ROBERT Frost has
been
discovering America all his
life. He has also been
discovering the world; and
since he is a really wise
poet, the one thing has been
the same thing as the other.
He is more than a New
England poet: he is more
than an American poet; he
is a poet who can be
understood anywhere by
readers versed in matters
more ancient and universal
than the customs of one
country, whatever that
country is. Frost's country
is the country of human
sense: of experience, of
imagination, and of
thought. His poems start at
home, as all good poems
do; as Homer's did, as
Shakespeare's, as
Goethe's, and as
Baudelaire's; but they end
up everywhere, as only the
best poems do. This is
partly because his wisdom
is native to him, and could not have
been suppressed by any circumstance; it is
partly, too, because his education has
been right. He is our least provincial poet
because he is the best grounded in those
ideas--Greek, Hebrew, modern
Europeans and even Oriental--which make
for well-built art at any time. He does
not parade his learning, and may in fact
not know that he has it: but there in his
poems it is, and it is what makes them
so solid, so humorous, and so satisfying.
His many poems have been different from
one another and yet alike. They are the
work of a man who has never stopped
exploring himself--or, if you like, America,
or better yet, the world. He has been
able to believe, as any good artist must, that
the things he knows best because they
are his own will turn out to be true for other
people. He trusts his own feelings, his
own doubts, his own certainties, his own
excitements. And there is absolutely no
end to these, given the skill he needs to
state them and the strength never to be
wearied by his subject matter. "The object
in writing poetry" Frost has said,
"is to make all poems sound as different as
possible from each other." But for
this, in addition to the tricks any poet knows,
"we need the help of
context--meaning--subject matter. That is the greatest help
towards variety. All that can be done
with words is soon told. So also with meters.
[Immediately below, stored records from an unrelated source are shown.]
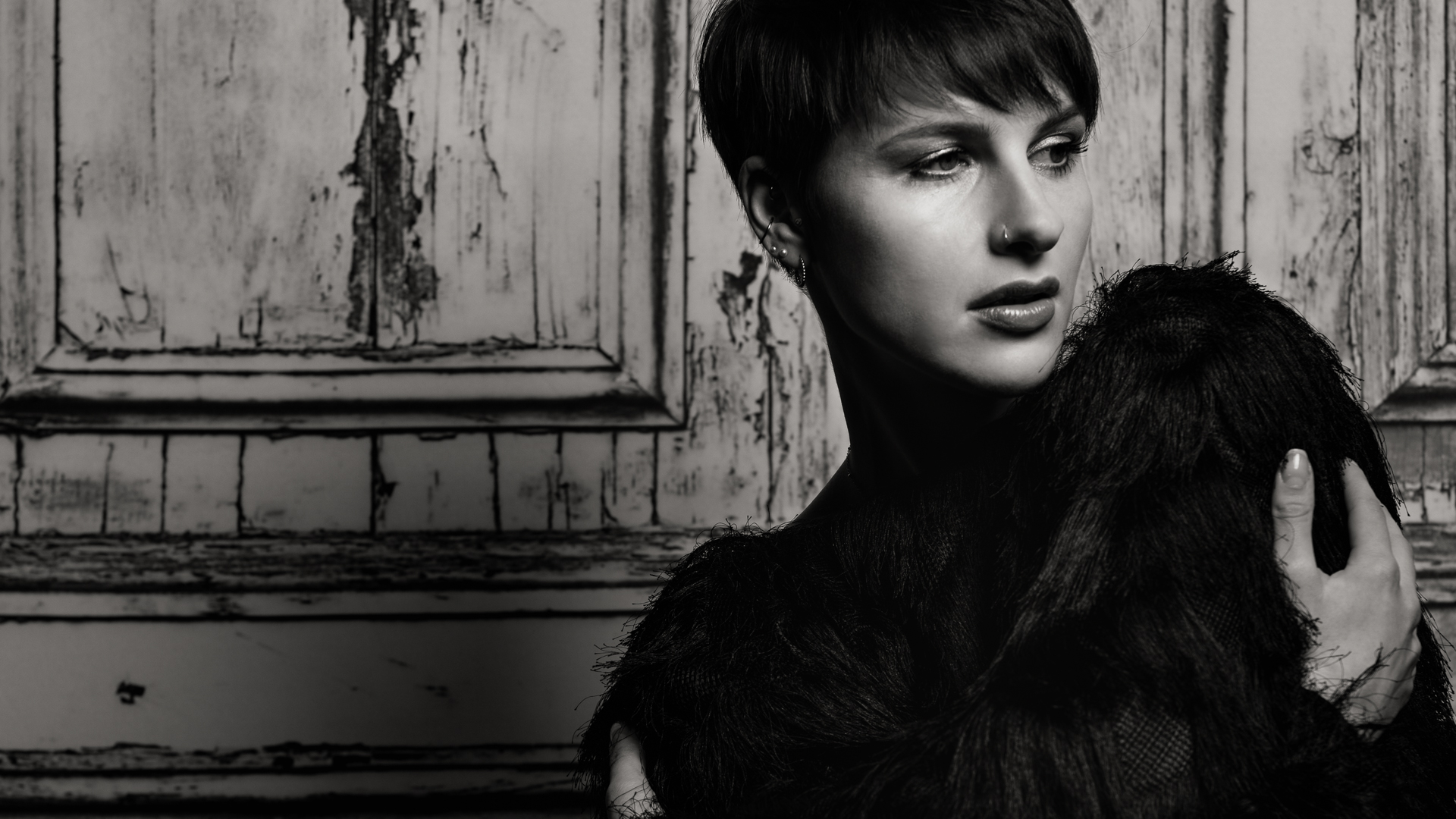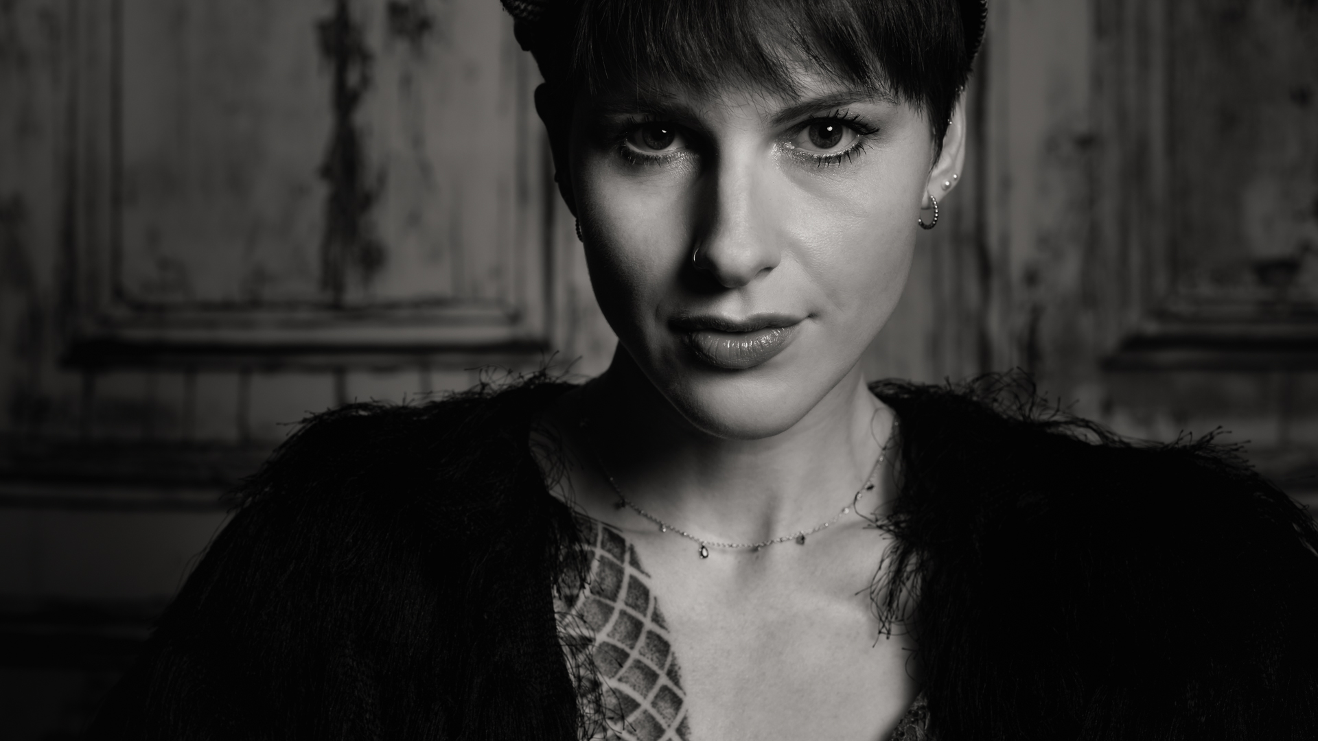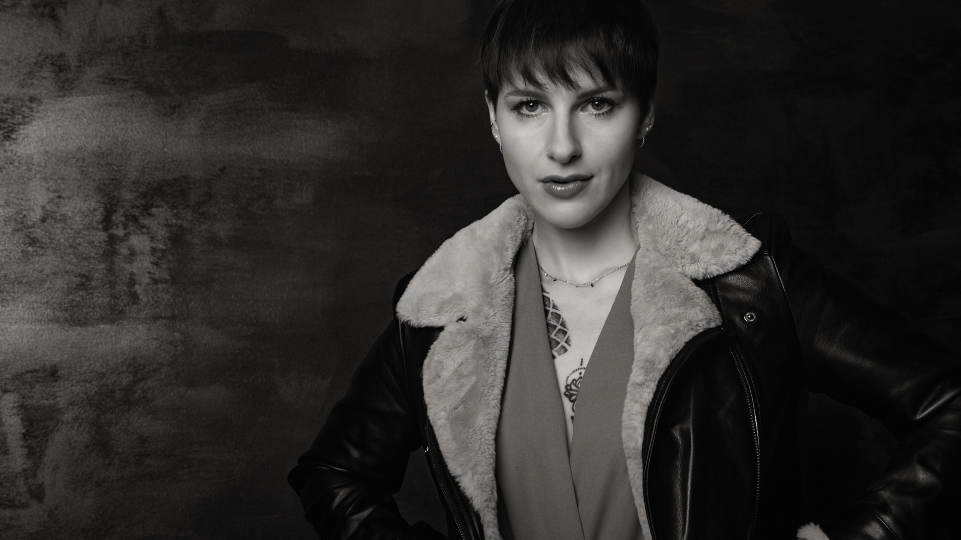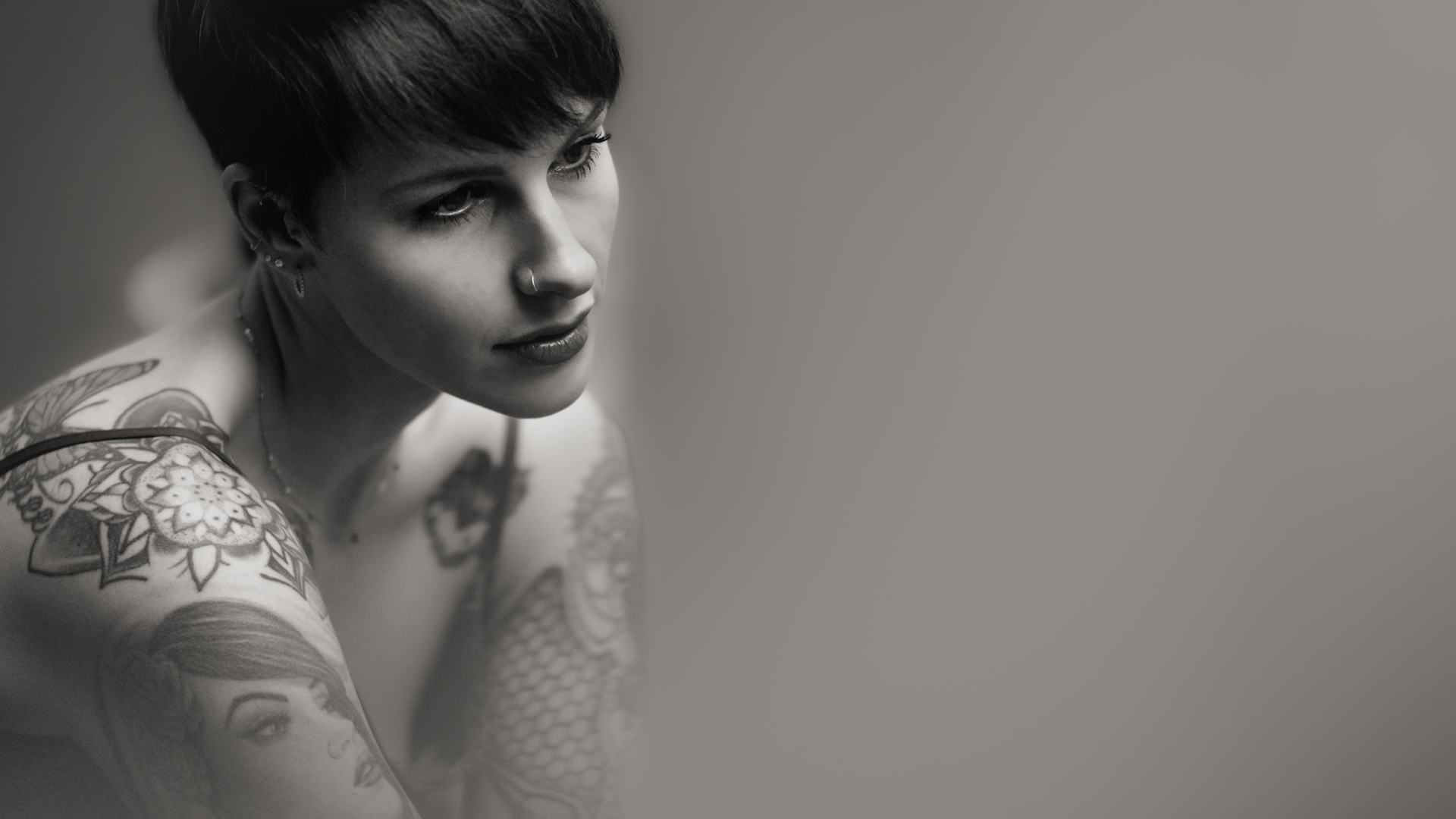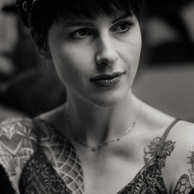 ¶ Fabienne ist mit ihren zahlreichen farbigen Tatoos ein Hingucker, sodaß alle in Farbe photographierten. – Dachte ich so bei mir, mach's mal anders und alles in Schwarz-Weiß, so kommen die vielen Facetten von Fabienne bestimmt gut rüber … Der Plan ging auf, denn Mimik und Blick von Fabienne sind das, was sofort auffällt.
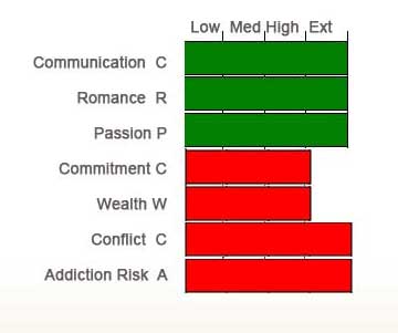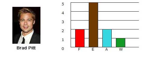 Here we find that Brad Pitt, who has much more Earth than Angelina Jolie (who has none!) provided her with stability and longterm security. Angelina Jolie has more Fire and gave him the push he needed to get married as well as to go around the world to satisfy her need for emotional security (more Water) and mothering instincts (Venus in Cancer) by adopting and having children. Interestingly, the conflict that shows in the graph below is offset by their acting as they even tried their best to bomb and kill each other in Mr. and Mrs. Jones!
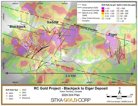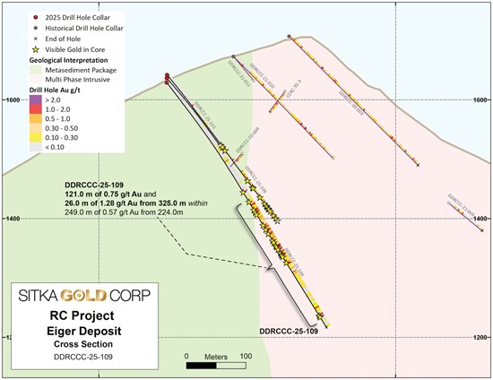 Sitka Gold Corp. (TSX-V: SIG) (FSE: 1RF) (OTCQB: SITKF) is pleased to announce additional analytical results from drilling completed at its 100% owned, road accessible RC Gold Project located within the Yukon’s prolific Tombstone Gold Belt. Drilling at the Eiger gold deposit has expanded the mineralized envelope beyond the current MRE boundary, with drill hole DDRCCC-25-109 intersecting 121.0 m of 0.75 g/t gold and 26.0 m of 1.28 g/t gold within 249.9 m of 0.58 g/t gold from 325.0 m outside of the current MRE. Analytical results are currently pending for 38 drill holes at RC Gold, including 26 from the new Rhosgobel discovery and the remainder from Pukelman, Contact, Bearpaw, and May-Qu.

. . . The possibilities for tune from
the dramatic tones of meaning struck across the
rigidity of a limited meter are endless. And
we are back in poetry as merely one
more art of having something to say,
sound or unsound. Probably better if sound,
because deeper and from wider
experience."
Frost is one of the most subtle of
modern poets in that department where so much
criticism rests, the department called
technique; but the reason for his subtlety is
seldom noticed. It is there because it
has to be, in the service of something
infinitely more important: a report of
the world by one who lives in it without any
cause to believe that he is different
from other persons except for the leisure he has
given himself to walk about and think as
well as possible concerning all the things
he sees; and to take accurate note of
the way they strike him as he looks. What they
are in themselves is not to be known; or
who he is, either, if all his thought is of
himself; but when the two come together
in a poem, testimony may result. This is
what Frost means by subject matter, and
what any poet had better mean if he
expects to be read.
Frost is more and more read, by old
readers and by young, because in this crucial
and natural sense he has so much to say.
He is a generous poet. His book confides
many discoveries, and shares with its
readers a world as wild as it is wide--a
dangerous world, hard to live in, yet
the familiar world that is the only one we
shall ever have, and that we can somehow
love for the bad things in it as well as
the good, the unintelligible as well as
the intelligible.
Frost is a laconic New Englander: that
is to say, he talks more than anybody. He
talks all the time. The inhabitants of
New England accuse one another of talking
too much, but all are guilty together,
all are human; for man is a talking animal,
and never more so than when he is trying
to prove that silence is best. Frost has
expressed the virtue of silence in
hundreds of poems, each one of them more
ingenious than the last in the way it
takes of suggesting that it should not have been
written at all. The greatest people keep
still.
There may be little or much
beyond the grave,
But the strong are saying
nothing until they see.
Joking aside, Frost is a generous giver.
He is not, thank heaven, one of those
exiguous modern poets--Joseph Wood
Krutch has called them costive--who hope
to be loved because they have delivered
so little: the fewer the poems the better the
poet. The fact is that the greatest
poets have been, among other things, prolific:
they have had much to say, and nothing
has prevented them from keeping at it till
they died.
Contrary to a certain legend, good poets
get better with age, as Thomas Hardy for
another instance did. The Collected
Poems of Hardy are a universe through which
the reader may travel forever,
entertained as he goes by the same paradox as that
which appears in the Complete Poems of
Frost: the universe in question is
presented as a grim, bleak place, but
the longer one stares at it the warmer it
seems, and the more capable of
justifying itself beneath the stars. By an almost
illicit process it manages in the end to
sing sweetly of itself--not sentimentally, or
as if it leaned upon illusion, but with
a deep sweetness that truth cannot disturb.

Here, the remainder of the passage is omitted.